А потом приходила тетка, сестра старого К., когда уже родителей не было в комнате, заговорщически подмигивала и спрашивала:
— Опять ковырял в носу, признавайся.
А потом, как это было заведено и у ее брата, обращалась к пословицам:
— Помни: палец — не шахтер, нос — не шахта
или
— Не ковыряй в носу, ты не кабан в лесу.
Должно быть, эти пословицы были у них в крови…
Когда же старый К. не на шутку волновался (а сильно волновался он, как правило, совершенно без причины, во всяком случае, когда у меня ничего не болело, просто случалось ему впадать в задумчивость), он приходил со слезами на глазах и обнимал нас, не говоря ни слова, сначала мать, потом меня, молчал и так стискивал, что мне начинало не хватать дыхания, и я говорил ему: «Папа, не так сильно», и тогда он смущался, отпускал и сходил вниз, в свою мастерскую; возвращался, только когда мы уже спали. Подобные состояния случались с ним перед отъездом: старый К. выезжал нерегулярно, но зато часто на пленэр, и редко, но зато довольно регулярно его, поручика запаса, призывали в лагеря. Старый К. страдал от моей физической слабости, когда я возвращался со двора, отмеченный синяками или расквашенным носом, он недовольно морщился:
— Что, опять побили? Сынок, сынок, твой отец — офицер, под ним — батальон, а ты — батальонный растяпа.
Когда же взволнованный старый К. ехал на стрельбы, я знал, что после возвращения он захочет сделать мне приятное, достаточно, чтобы, приветствуя его, я спросил:
— А что ты мне привез?
— А что же ты не спросишь отца, как он чувствует себя, что пережил, а сразу спрашиваешь, что он тебе привез?
Но это было только дружеское пикирование, если бы я не спросил сразу, он бы все равно ждал, когда я это сделаю, поэтому я спрашивал сразу, чтобы услышать:
— Ну ясно дело, что приехал не с пустыми руками, но в наказание за то, что ты так бесстыдно спросил об этом, не получишь, пока не заслужишь.
Ему надо было, чтобы я «был послушным» в течение длительного времени, поэтому мне приходилось подлизываться так ловко, чтобы только мы двое знали, что это подхалимаж; я не имел права перестараться, особенно в присутствии гостей, которые становились непроизвольными судьями моего послушания, если, прощаясь с родителями в прихожей, хвалили меня:
— Этот ваш малец ведет себя совсем как взрослый, такой уравновешенный, не то что наш -
это была самая высокая оценка, и тогда старый К. удовлетворенно говорил:
— Ну, ну, постепенно начинаешь заслуживать подарка, пока что ты заслужил знать, что я привез, так вот, знай, парень, что отец привез тебе со стрельбища настоящие петарды…

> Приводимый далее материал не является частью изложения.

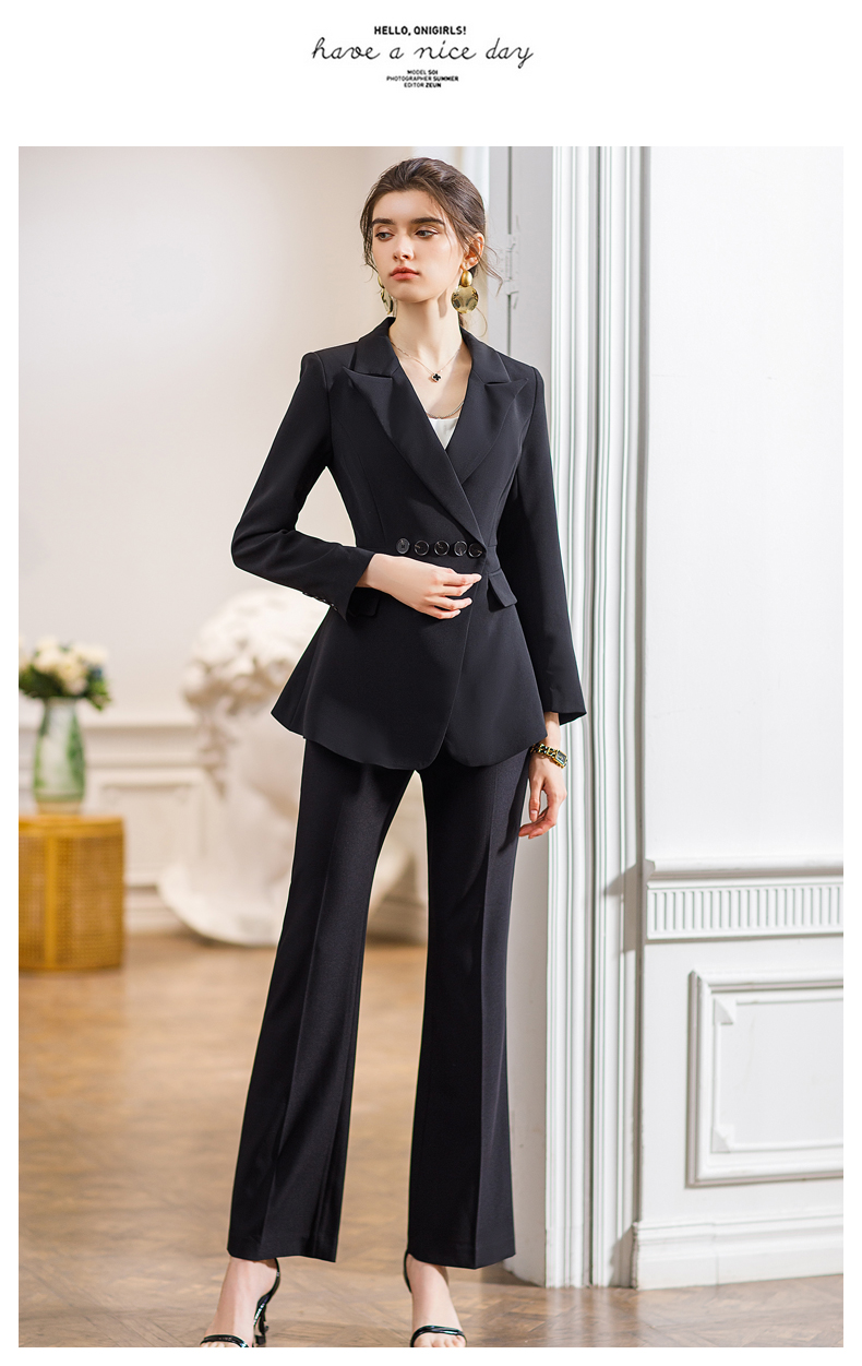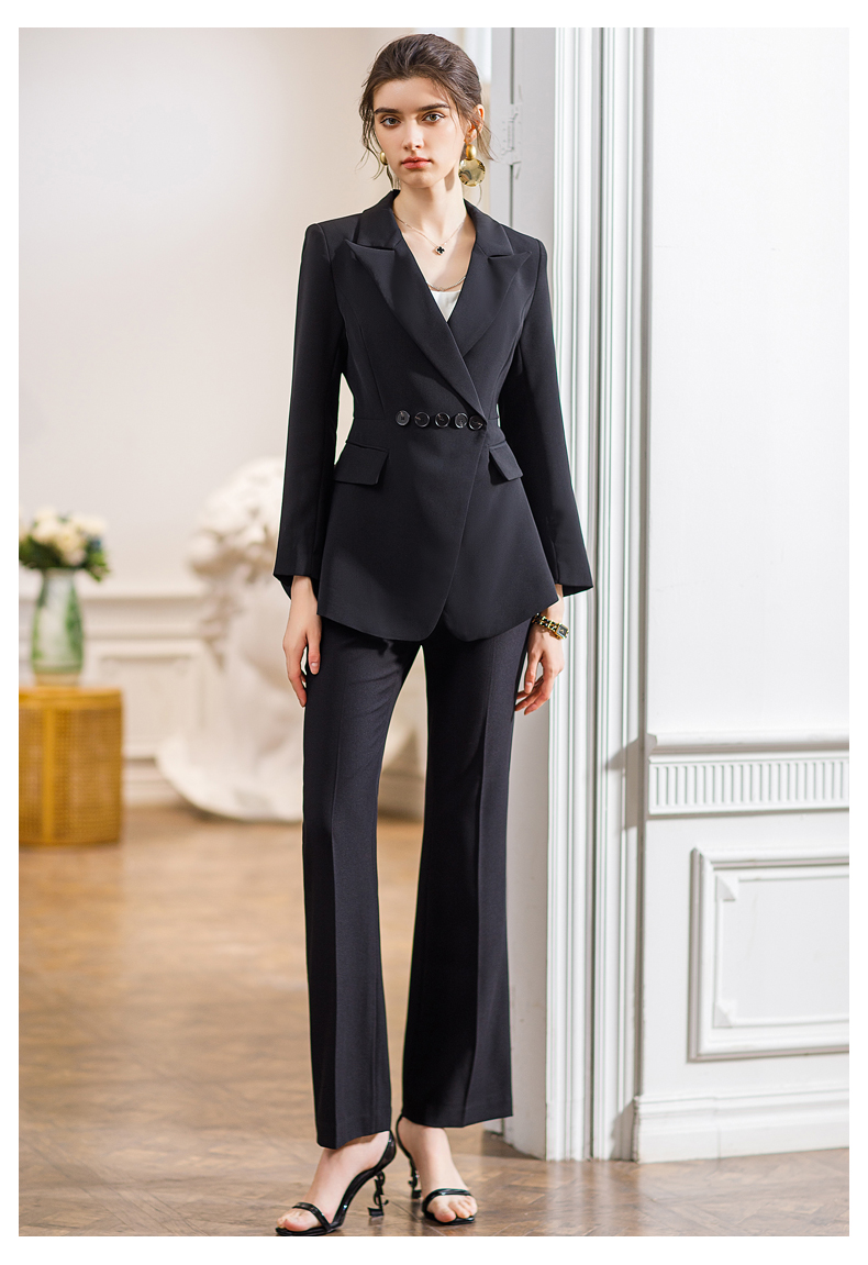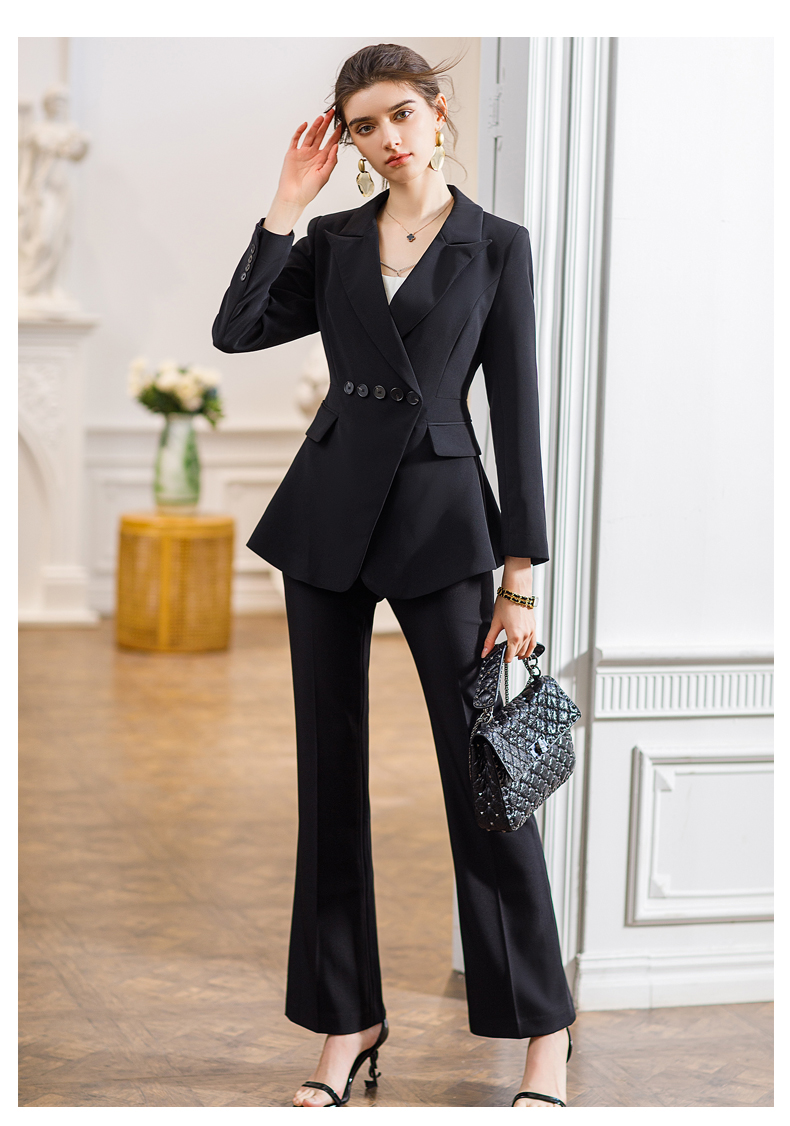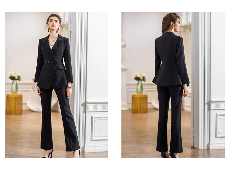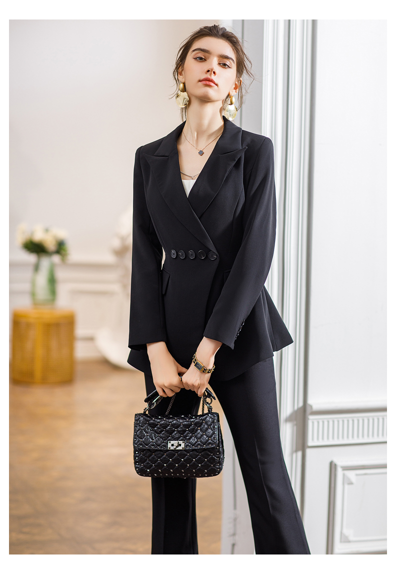 AD高级感阔腿裤黑色西装套装女2022新款长袖西服外套职业商务正装

Теперь следовало выразить восхищение:
— Ура! Петарды!
но не переусердствовать в спонтанности, не совершать ни слишком резких подскоков, ни каких других, Боже упаси, нескоординированных движений; старый К. не выносил отсутствия координации, он решил научить меня правильной, достойной жизненной позиции, повторял мне, чтобы я всегда помнил о спокойствии и выправке, сокращенно «спо-выпр», когда же я лучился излишней радостью или излишне лучился радостью, он хмурил бровь и напоминал:
— Что я все время говорю, неужели забыл?
И тогда я успокаивался и подтягивался и говорил:
— Спо-выпр.
И я должен был еще день, иногда два, держаться достойно, вести себя серьезно, пока наконец старый К. не объявлял:
— Ну, сегодня вечером пустим петарды.
— Уррра!
— Спо-выпр, и немедленно, иначе все отменю!

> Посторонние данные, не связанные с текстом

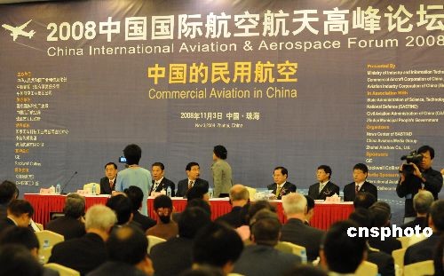 十一月三日,珠海航展開幕前夕,由中國工業和信息化部、中國商飛公司、中國航空工業集團公司共同主辦的二零零八中國國際航空航天高峰論壇在珠海舉行,論壇分“中國民用航空發展線路圖”、“通用航空與區域航空的發展”兩個單元,中外航空航天界近三百名精英人士相聚一堂,共商未來發展大計。中新社發 孫自法 攝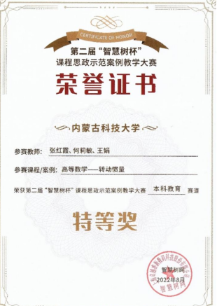 该教学团队2022年7月在第二届“智慧树杯”课程思政示范案例教学大赛中荣获特等奖。由于成绩突出,团队张红霞副教授受聘成为“智慧树高等教育研究院”特聘专家,聘期叁年。
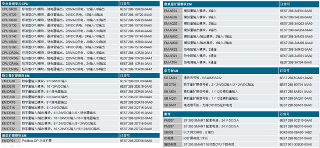 相关推荐 (1)西门子操作面板(HMI)订货号大全 (2)西门子S7-1200(全系列)订货号大全 (3)西门子S7-1500(标准型)订货号大全 (4)西门子ET200SP(标准型)订货号大全 硬件选型关注 硬件结构示意图 一、S7-200SMART 订货号说明二、S7-200SMART 订货号概览三、S7-200SMART CPU订货号(1)目前不支持固件版本≥V2.3,具体请参考S7-200 SMART 系统手册以了解您的特定 CPU 型号和版本。 四、S7-200SMART EM订货号五、S7-200SMART信号板订货号(2)电池板插入 S7-200 SMART CPU(固件版本 V2.0 及更高版本)的信号板插槽中,购买 SB BA01 电池板时不含电池(类型 CR1025)。必须单独购买电池。 六、S7-200SMART前连接器订货号七、S7-200SMART总线连接器、电缆及中继器订货号八、S7-200SMART I/O扩展电缆订货号九、SMART LINE 触摸屏订货号十、选型案例 |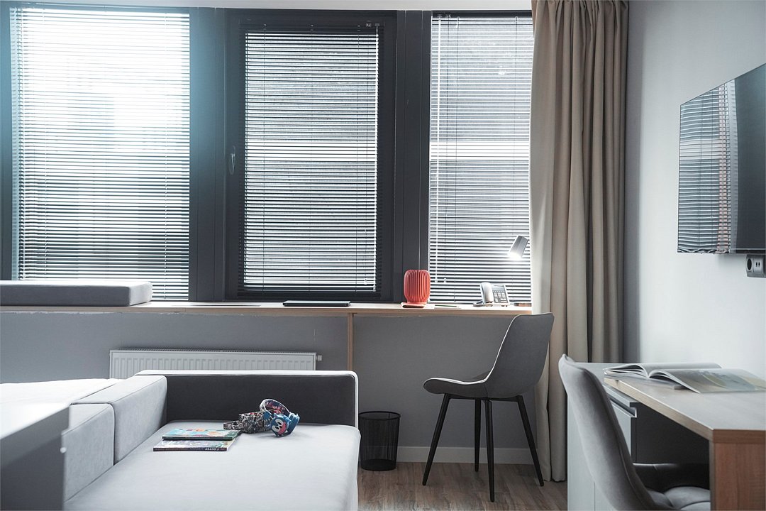телевизор, интерактивное телевидение, Wi-Fi, телефон, светильник, настольные лампы, фен, система безопасности, электронные замки, плита для приготовления пищи, кофемашина, микроволновая печь, утюг, ванная комната, халаты, банные полотенца, тапочки, кровать «Queen size», две односпальные кровати, раковина, душ, вид на город, кулер на этаже, туалетные средства, туалет, сплит-система, мини-холодильник, шапочка для душа, мыло, можно с питомцамиВ номере

Петарды совпали как раз с Рождественским постом,
мы должны были собирать хорошие поступки и рисовать их в тетради по религии в виде елочных шаров, а я был послушным по двум причинам: чтобы в рейтинге добрых дел занять место на пьедестале и дождаться вечерних петард. Вот только поступки мои оценивал старый К., а принести ведро картошки из подвала у него не считалось добрым делом.
— Потому что это твоя обязанность, такие вещи ты должен делать по дому каждый день.
Тогда я спросил его, а какие дела можно считать добрыми; он ответил:
— Нууу, это должны быть дела бескорыстные, ты, парень, не можешь думать о вознаграждении, когда совершаешь их; в зачет идут только такие поступки, которые ты совершаешь из любви, например, к отцу-матери, а не ради аплодисментов…
Ох и задал же он мне задачу; я думал, как бы сделать так, чтобы не думать о поступках, чтобы они опережали мою мысль, чтобы сами из меня выходили, а еще лучше, чтобы сами рисовали себя на елке шарами. Пошел я на прогулку с собакой дело обдумать, спрашивал встреченных старушек, не надо ли им перейти улицу, а те обшикивали меня, раз только удалось мне схватить одну врасплох; замечательная такая, засушенная, сгорбленная скрипуче прощебетала:
— Нукось, сынок, скажи, что там за свет горит, а то я слаба глазами, чай, уж зеленый?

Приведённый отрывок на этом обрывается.